# Your Rights Online: Designer Accused of Copying His Own Work By Stock Art Website



## Bob Hubbard (Apr 5, 2009)

*Your Rights Online: Designer Accused of Copying His Own Work By Stock Art Website on Sunday April 05, @09:04AM  				 						
*

*	 		Posted 		by  	 	 		 			Soulskill 		 	 	  	 	 	on Sunday April 05, @09:04AM* 
*from the only-so-many-ambulances-can-be-chased dept.* 
 
 								 								 									  										 										the_harlequin writes _"A successful designer, who has a showcase of his own work available online, has had a stock image site accuse him of copyright infringement over his own illustrations, citing damages of $18,000. The story doesn't end there; the stock photo site hired lawyers, who have contacted the original designer's clients. The lawyers told them the designer is being investigated for copyright infringement and their logos might be copied, thus damaging his reputation. 'My theory is that someone copied my artwork, separated them from any typography and then posted them for sale on the stock site. Someone working for the site either saw my [LogoPond] showcase or was alerted to the similarities. They then prepared the bill and sent it to me. The good thing is that the bill gives me a record of every single image they took from me. That helps me gather dates, sketches, emails, etc. to help me prove my case. The bad thing is that despite my explanations and proof, they will not let this go.'"_
Read More... 




http://www.jonengle.com/2009/04/accused/


----------



## Cryozombie (Apr 5, 2009)

Haha, that stock art site may be in for a HUGE shock when the designer wins and they have to pay him.


----------



## TonyDismukes (Apr 9, 2009)

There's a pretty extensive discussion of this issue over at Metafilter here.  The consensus seems to be that Jon Engle is probably lying about just every aspect of the case and is most likely guilty of ripping off the work of the artists represented by Stockart.com.


----------



## Andrew Green (Apr 9, 2009)

TonyDismukes said:


> There's a pretty extensive discussion of this issue over at Metafilter here.  The consensus seems to be that Jon Engle is probably lying about just every aspect of the case and is most likely guilty of ripping off the work of the artists represented by Stockart.com.

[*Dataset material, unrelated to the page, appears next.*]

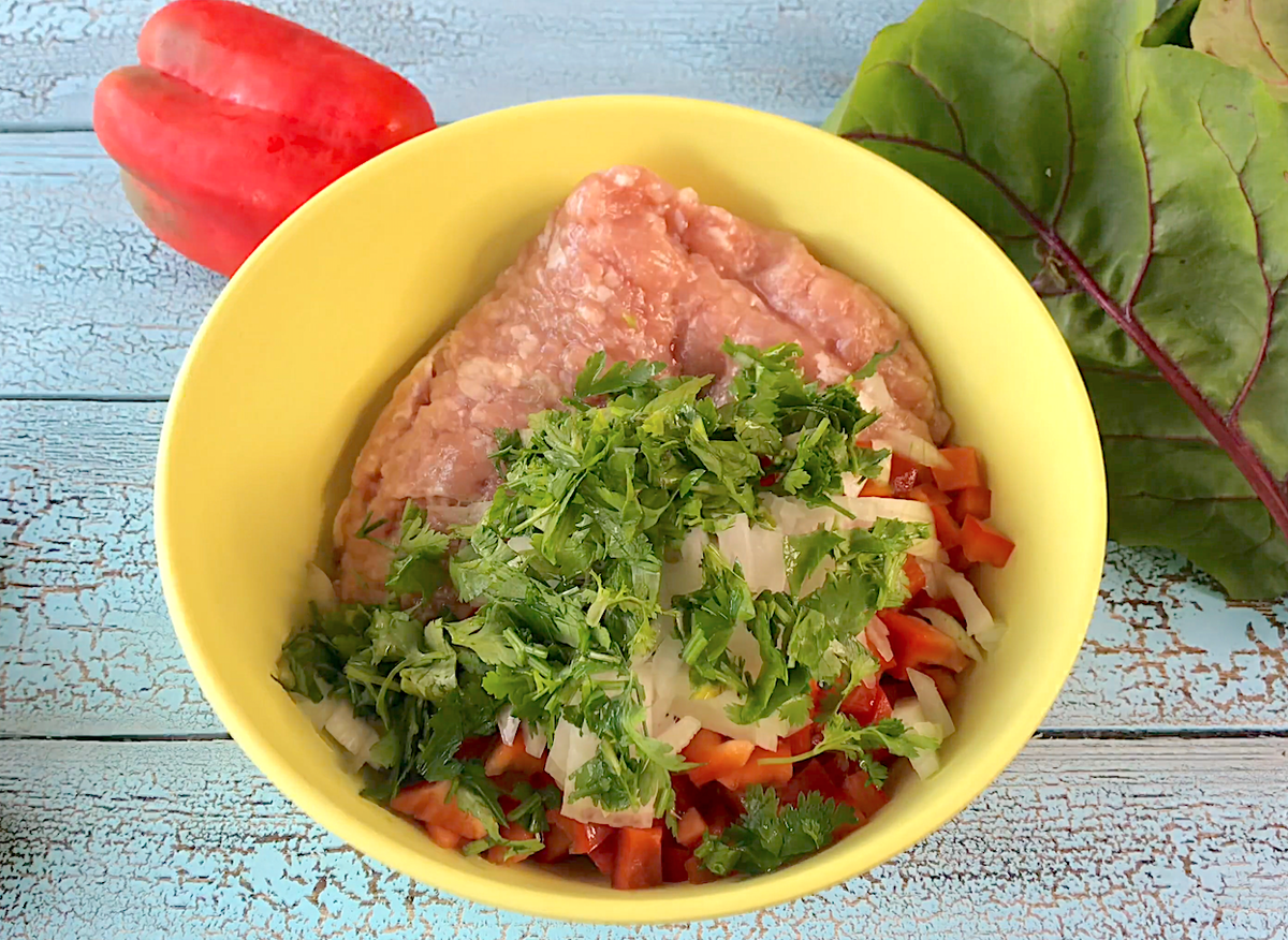 Первым шагом необходимо подготовить начинку для голубцов. Мясо (лучше всего использовать куриное филе) прокручивается через мясорубку, после чего добавляются мелко нарезанные лук, болгарский перец и кинза. В смесь вводятся специи и соль по вкусу, все тщательно перемешивается. Для более сытного варианта можно добавить немного отварного риса.

Yup, apparently he's even been sued and paid up for it in the past.

The blog posting was almost a great little publicity stunt for him though, now he's made himself famous as a plagiarist.


----------



## exile (Apr 9, 2009)

Thanks for the lead, Tony. Went over there and read enough of the discussion to see that the Engle's story looks... well, like he has a _big_ burden of proof to shoulder. The jury's still out... but the moral of the story seems to be, the combination of Internet and enraged populism can give rise to a _hell_ of a lot of static noise. Getting any signal from out of that mess is probably going to take a bit longer. Meanwhile, so far as any particular story is concerned, buyer beware...


----------



## Bob Hubbard (Apr 9, 2009)

Very interesting.  Thanks very much for the update.


----------